Девять ден бабу мучить. Этак и вовсе умучить недолго. Аль, мыслится мне, что приврали тут летописцы, для солидности, а то ж цельный каган, не обыкновенный мужик.

— А спустя еще семь дней умерла дева в страшных мучениях, а следом за нею и сам Ирзе-каган. И случилась великая смута, потому как не было у него сыновей. Зато имелась дочь, которую взял в жены мурза. И через нее каганом сделался. Вот такая, Зослава, поучительная история.

Я только и сумела, что кивнуть.

Вот же… нелюди!

Дочку родную не пожалел… вспомнилося вдруг, как сказывал Арей, будто бы ценят азары дочерей своих. Но, видать, кошма ценней оказалася.

— Как по мне, вариант несколько радикальный, — продолжил меж тем Кирей, — можно и проще… дать булавку с ядом, или перстенек, или еще какую штукенцию. Главное, чтоб девка в доверие вошла. А есть и другой вариант… стоят за краем степи горы, а в горах тех старец живет премудрый, уж не одну сотню лет сменявший.

Я согласилася, что тогда поневоле премудрым станешь, ежели не одну сотню.

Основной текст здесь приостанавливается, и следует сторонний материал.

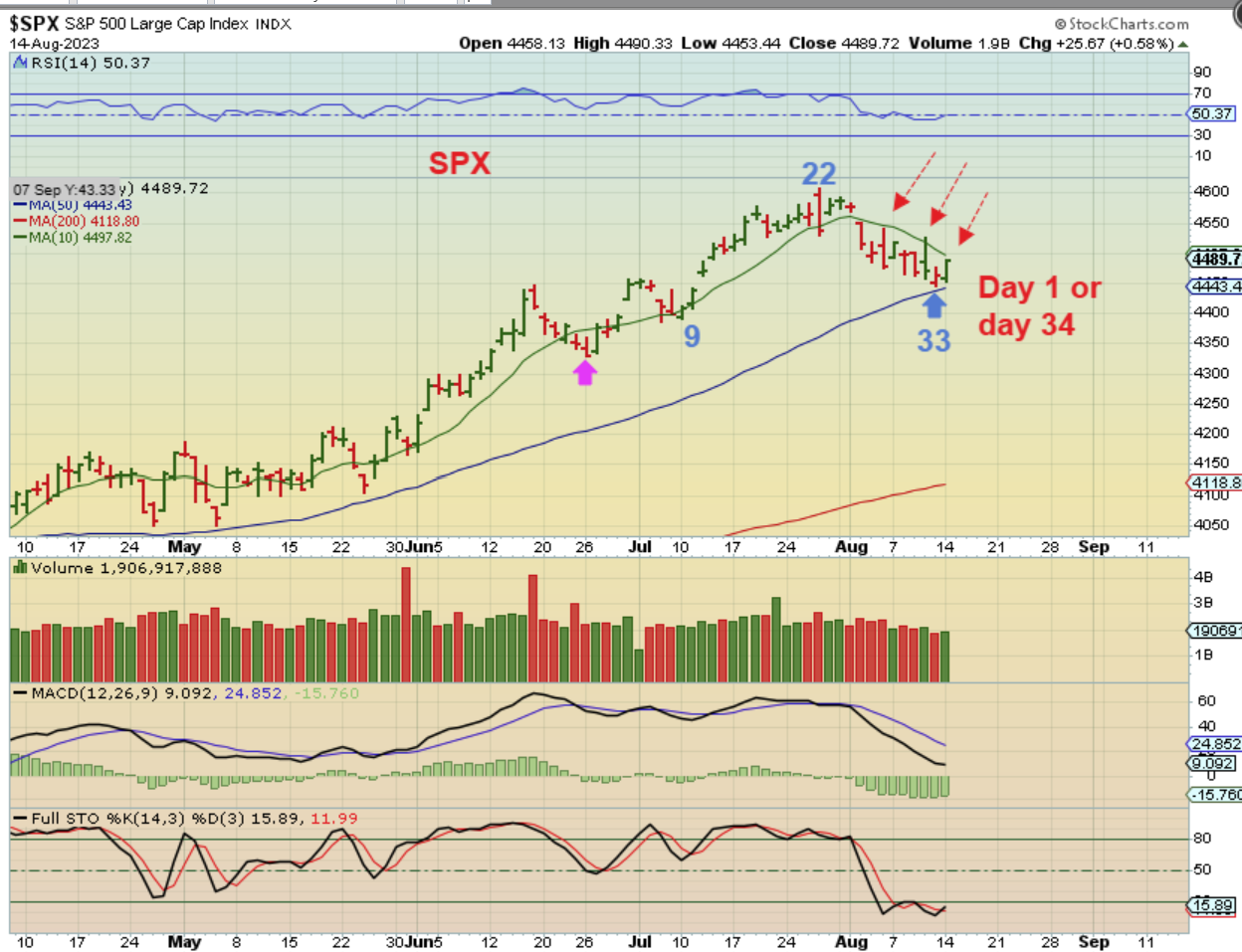 So on The SPX WEEKLY Chart, we see that during bull runs, the 10 week ma often acted as support (Red arrows), but it was the ICL that often broke below that 10sma. Right now we are at the 10 week ma, so we have to be aware of the idea that the markets can dcl here, since we are also on day 33.

— И собирает он с городов приграничных детишек, а после учит их убивать. Из сотни детей лишь один учебу осилит. Да только не будет убийцы ловчей его. Вот такая легенда…

Тьфу ты… легенда.

Сказка, стало быть. Я тоже сказку могу рассказать про Деву Слепую, которую вызвать можно на крови и зеркале, и обидчика имя сказать, а после зеркальце в егоную кровать подкинуть. И ночью тогда вылезет из зеркальца дева, спрашивать начнет, мол, тут ли такой и этакий. И ежели ответит, что тут, то и сядет ему на грудь, присосется к устам и выпьет до донышка. А ежели спохватится да не отзовется на имя свое, тогда и станет кружить до утра, стонать да завывать страшенно, но с петухами сгинет.

Правда, мнится мне, что посмеется Кирей над этакою сказочкой.

— В году четыре тысяче сороковом поднесли Гырым-кагану в дар деву хрупкую, что тростиночка, с глазами, будто камень-фируза, с волосом золотым… и танцевала она для Гырым-кагана танец семи покрывал… и был он счастлив, позвал ее ложе разделить. А наутро нашли Гырым-кагана с глоткою перерезанной, дева же исчезла. Искали ее долго… пока смута не началась.

Хмыкнул сам, добавив:

— Смута у нас частенько приключается.

Ага… а еще жаль мне энтих каганов, то травят, то режуть, никакой жизни нету!

— А вот про коня, Зославушка, — Кирей вдруг заговорил голосом муркочущим, да глянул снизу вверх, только глазищи полыхнули, — ты мне сама расскажешь.

От же ж… холера! И дать бы по лбу ему за этакие шуточки, да рука не поднимается. Зато разумею ныне, отчего он так мил девкам…

— Прекрати, — велела строго.

Мыслилося мне, что строго, но Кирей только засмеялся.

Весело, стало быть…

— Конь энтот…

— Непростой.

Кивнула я, как есть, непростой. Да только и не знаю, с чего-то рассказу начать…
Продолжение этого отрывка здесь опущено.